Earlier in the analysis it was determined that smoker status is the strongest predictor of healthcare costs, and the model coefficients reinforce this conclusion. Across all three regression models, the smoker coefficient is consistently around $23,000, indicating a substantial increase in predicted charges for smokers compared to non‑smokers. In contrast, age and BMI have much smaller positive effects, and sex contributes very little, which aligns with their weaker correlations with the target. These results make sense given known cost drivers in healthcare and support smoking is a significant factor in determining healthcare costs.

In [None]:
# Baseline Linear Regression coefficients
print("Baseline Coefficients:")
print(pd.Series(baseline_model.coef_, index=X.columns))

# Ridge Regression coefficients
print("\nRidge Coefficients:")
print(pd.Series(ridge_model.coef_, index=X.columns))

# Lasso Regression coefficients
print("\nLasso Coefficients:")
print(pd.Series(lasso_model.coef_, index=X.columns))

## Conclusions
These predictions have real‑world value for healthcare cost management because they highlight which patient groups drive spending.

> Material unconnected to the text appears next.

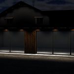 Garage for cars. Lightning outside is automatic and manual inside.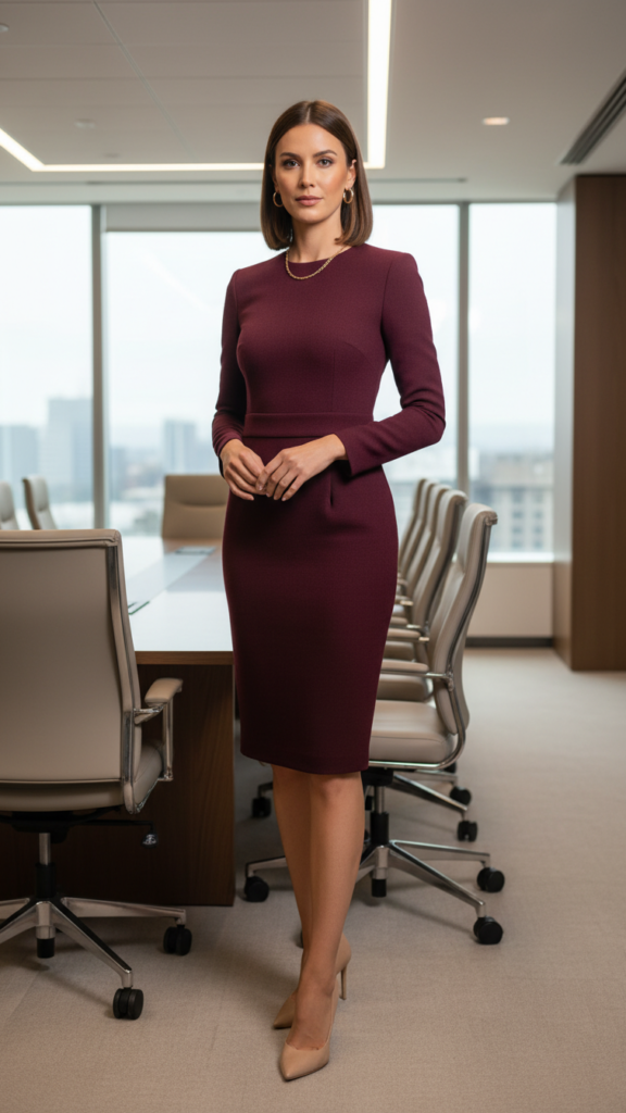 Although power dressing often involves bold colors, a burgundy sheath dress delivers executive sophistication with understated elegance that commands respect in boardrooms and client meetings. You’ll find this classic burgundy color palette offers versatility while maintaining professional authority.

Smoking status remains the strongest predictor, but age also plays a meaningful role. The dataset shows that the largest portion of patients fall into the 25–44 age group (531), followed by 45–59 (415), 18–24 (277), and 60+ (114). Understanding both the size of each age group and the model’s finding that charges increase by roughly $250 per year of age can help healthcare organizations anticipate where costs are likely to increase. This allows providers to target interventions or allocate more resources that reflect the actual distribution of their patient population.

## References
Choi, M. (2016). Medical Cost Personal Datasets [Data set]. Kaggle. https://www.kaggle.com/datasets/mirichoi0218/insurance  

HealthXWire. (2025). WHO categories of age: Understanding global health definitions. https://wis.it.com/who-categories-of-age-global-health-definitions

James, G., Witten, D., Hastie, T., Tibshirani, R., Taylor, J., & Guo, W. (2023). An introduction to statistical learning: With applications in Python. Springer.

Koivunen-Niemi, L., & K. (2022). Learn best practices for color use in data visualization with python and data from our world in data (2018). In Sage Research Methods: Data Visualization. SAGE Publications, Ltd. https://doi.org/10.4135/9781529605198

Microsoft. (2024). Copilot [Large language model]. Microsoft. https://copilot.microsoft.com
[^1]: Copilot was used only for debugging code and refining wording; all analysis and modeling were performed independently.